As well, legislation passed last year, S.B. 901, requires PG&E and other utilities to enact measures to reduce wildfire risks. Bankruptcy would limit funds for PG&E to do it, said Patrick McCallum, a lobbyist who works with the California-based survivors group Up From the Ashes, and himself a survivor of a 2017 blaze.

"Everybody gets squeezed," McCallum said. "It just means a lot less for safety, victims, and trying to create a non-carbon electric grid."

In a PG&E bankruptcy, the lights would stay on for the utility’s 5.4 million customers, but the state potentially would have to step in. That happened in 2001, when PG&E declared bankruptcy during the state’s energy crisis, and it was forced to buy electricity at high prices. Even before the filing, the California Department of Water Resources had to back electricity contracts, Wara said. That happened because power sellers feared they wouldn’t get paid by the utility.

Politics of state help challenging

Options for the state this time around include pledging to back any bonds PG&E sold to pay debts. That would allow them to be issued at a lower rate because the state has a better credit rating than PG&E, said lobbyist McCallum.

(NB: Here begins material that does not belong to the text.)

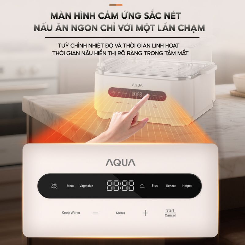 AQUA ASMC-ES101(W) được trang bị màn hình cảm ứng sắc nét với giao diện trực quan, giúp thao tác và điều chỉnh các chế độ nấu trở nên dễ dàng hơn bao giờ hết. Thiết kế giao diện thân thiện hỗ trợ người dùng quan sát rõ ràng thông tin, tùy chỉnh linh hoạt các chức năng chỉ bằng một chạm. Nhờ bố cục hiển thị rõ ràng, mọi thành viên trong gia đình, kể cả người lớn tuổi hay người lần đầu tiếp xúc, đều có thể nhanh chóng làm quen và sử dụng sản phẩm hiệu quả. Điều này góp phần nâng cao trải nghiệm nấu nướng tiện nghi, hiện đại cho căn bếp mỗi ngày.

But the politics of the crisis are dicey, he said.

S.B. 901, the safety measure passed last year, also allows PG&E to bill ratepayers for wildfire liability costs if the expenses are "just and reasonable" after considering the utility’s conduct. It took effect this year, and applies retroactively to 2017. It does not apply to costs incurred in 2018.

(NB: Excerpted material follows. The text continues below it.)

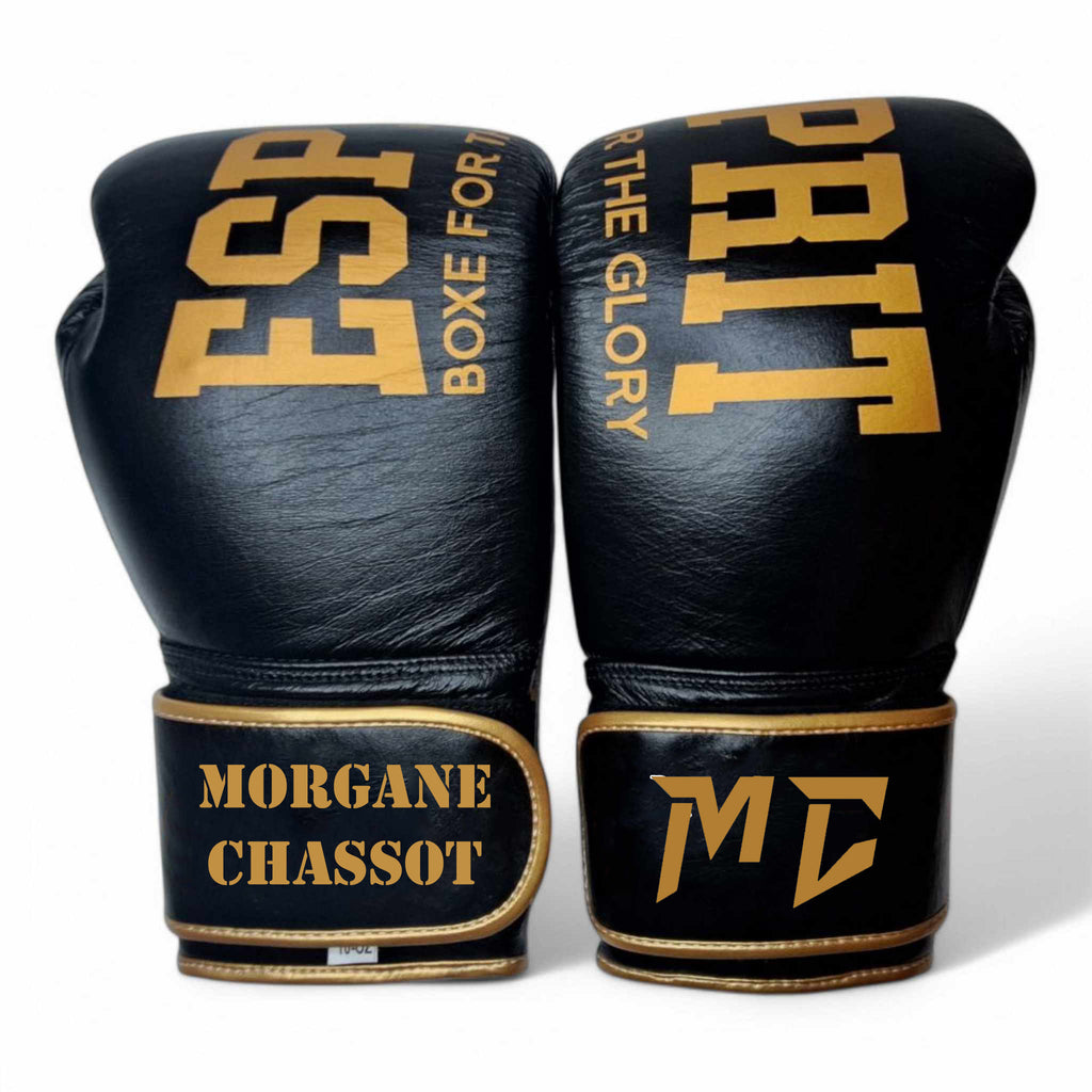 Esprit Boxe propose des gants de boxe entièrement personnalisés pour les clubs. Gants d'excellente qualité, en cuir véritable, couleur, inscription et logo selon vos souhaits !

Lawmakers are hesitant to make ratepayers foot a larger bill, McCallum said. The bankruptcy possibility is serious, he said, but "I don’t know even under that, that there’s the votes right now in the Legislature to do any more than they’ve done."

Anger over PG&E collecting for fire liabilities unfolded at a California Public Utilities Commission meeting Thursday. The agency voted to open a proceeding to implement S.B. 901. Commissioners ultimately will determine how much PG&E can raise customers’ rates to cover 2017 fire debts.

Activists lined up to condemn the utility. When CPUC President Michael Picker limited statements to one minute, speakers shouted after their microphones were turned off.

Legislature members, in terms of last year’s fires, are hesitant to intervene right now because they don’t know PG&E’s total liability, McCallum said. In addition to the Camp Fire, there’s still no official cause for the Tubbs Fire, a 2017 blaze in Sonoma County.

In addition, McCallum said, lawmakers are waiting for the "scrub analysis," which will say how much PG&E could pay through its insurance policies and by selling off assets.

Assemblyman Chris Holden (D) is considering a bill that potentially would let PG&E bill ratepayers for 2018 fire liabilities, McCallum said. But there’s not enough support for it right now, he added.

Garo Manjikian, Holden’s communications director, confirmed the assemblyman is considering a bill. As one hasn’t yet been offered, he said, "it’s beyond premature for vote counting at this point."

Holden in a statement said addressing the impact of last year’s deadly wildfires "will be a top priority" for Newsom and the Legislature. "Maintaining a reliable, safe, and affordable utility service for all Californians continues to be our ultimate goal," he said.

Cutting off power an option?

Wara with Stanford University argued PG&E needs to implement a system where it cuts off power when fire risk is elevated. U.S. District Court for the Northern District of California Judge William Alsup last week said he wanted the utility to make the move given the deaths in recent fires (Greenwire, Jan. 10).

San Diego Gas & Electric Co., a subsidiary of Sempra Energy, has that in place. It would be more disruptive in PG&E territory, however, Wara said, as there are taller trees and more rural homes.

PG&E additionally will need more conservative triggers for when to turn off power, Wara said. The utility in fact looked at doing it just before the Camp Fire started but opted against it because weather conditions didn’t meet the SDG&E criteria, which PG&E uses as a template.

However, turning off the power when it’s windy is the best option at this time for shrinking wildfire damages, Wara said.

"That’s the only way out of this I think at this point," Wara said.